Borders are Like Poems

“Aussi ai-je enfermé sous ma langue un pays,
gardé comme une hostie”

                                                  Nadia Tuéni

“Tell me about your country” – she commanded,

as if I can open a page inside the cage

of an inner atlas, and pinpoint a mountain peak

spread over the valley, inside a museum of forgetting,

an old taxidermy shop after the taxidermist

died, forsaking a prehistoric bird with melted

wings on the speckled floor.

A glade ambles vertically, feebly holding

the obdurate Mount Lebanon with the acquiescent

Anti-Lebanon from plunging into the abyss.

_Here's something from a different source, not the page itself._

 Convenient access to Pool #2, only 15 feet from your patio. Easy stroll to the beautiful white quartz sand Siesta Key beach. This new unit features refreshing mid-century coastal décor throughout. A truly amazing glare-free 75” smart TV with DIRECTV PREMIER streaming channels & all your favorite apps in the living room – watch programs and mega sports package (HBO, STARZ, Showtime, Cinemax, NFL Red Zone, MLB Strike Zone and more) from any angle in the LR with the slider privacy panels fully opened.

Fractal images, portents of sirocco storms,

loom on the rocks of Byblos, scour the shoreline,

where old fishermen mend their shredded nets

with letters of the alphabet.

Ancient shores beckon rivers that feed them with invisible

silt, secret alluvium, steep-sided gorges, choruses of

vagarious reefs, seracs scraping adrift on submerged

limestone, spurs across fjords gazing at a waxed moon.

Nothing is left for us but salt marks on the membranes

of an earth we treaded, a land with no borders, unfinished like

the best poems, leaving us opened, a murex on a rock.

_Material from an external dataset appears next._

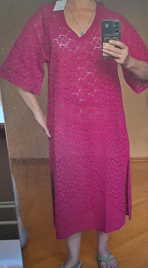 Получила и в замешательстве. Маленько другое ожидала, думала платье, хотя и написано, что кафтан. Это объемная вещь, без вытачек и подклада, надо одевать на что-то. Заказывала р-р М, мой рост 171, ОБ и ОГ 102. Смотрите сами. Ткань хорошая, хлопок с полиамид.
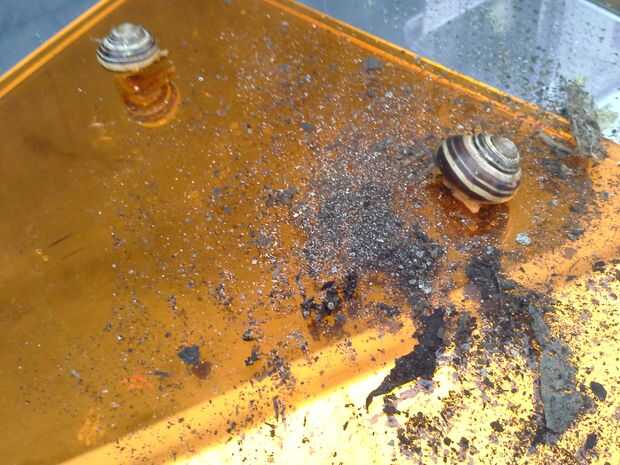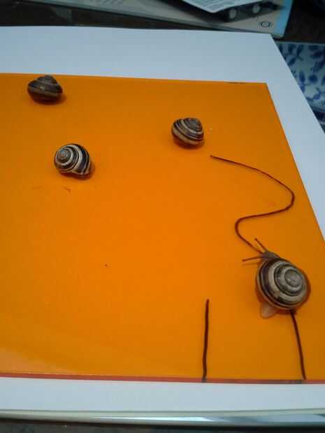 Todavía quería averiguar cómo utilizar sus "pistas" para hacer arte... Fue en que punto que me fui de casa y deliciosamente descubrió las huellas de caracol que habían permanecido secreto dentro del tanque.

Donia G. Mounsef grew up in Beirut, Lebanon. She is a Canadian-Lebanese poet, playwright and dramaturge. She splits her time on either side of the Canadian Shield, between Toronto and Edmonton where she teaches theatre and poetry at the University of Alberta. She is the author of a poetry collection: “Plimsoll Lines” (Urban Farmhouse Press, 2018), and a chapbook: “Slant of Arils,” (Damaged Goods Press, 2015). Her writing has been published and anthologized in print and online in Pacific Review, The Harpoon Review, Rabid Oak, La Vague Journal, Habitat Literary Magazine, The Toronto Quarterly, Bluestem, Yes Poetry, Gutter Eloquence, Poetry Quarterly, Lavender Review, Linden Avenue, Bookends Review, Gravel Magazine, Skin 2 Skin, Iris Brown, Reverie’s Rage Anthology, 40 Below Anthology, etc. Her performance poetry and plays have been performed on stages in Toronto, Avignon, Montréal, Calgary, Vancouver, Edmonton, and New Haven.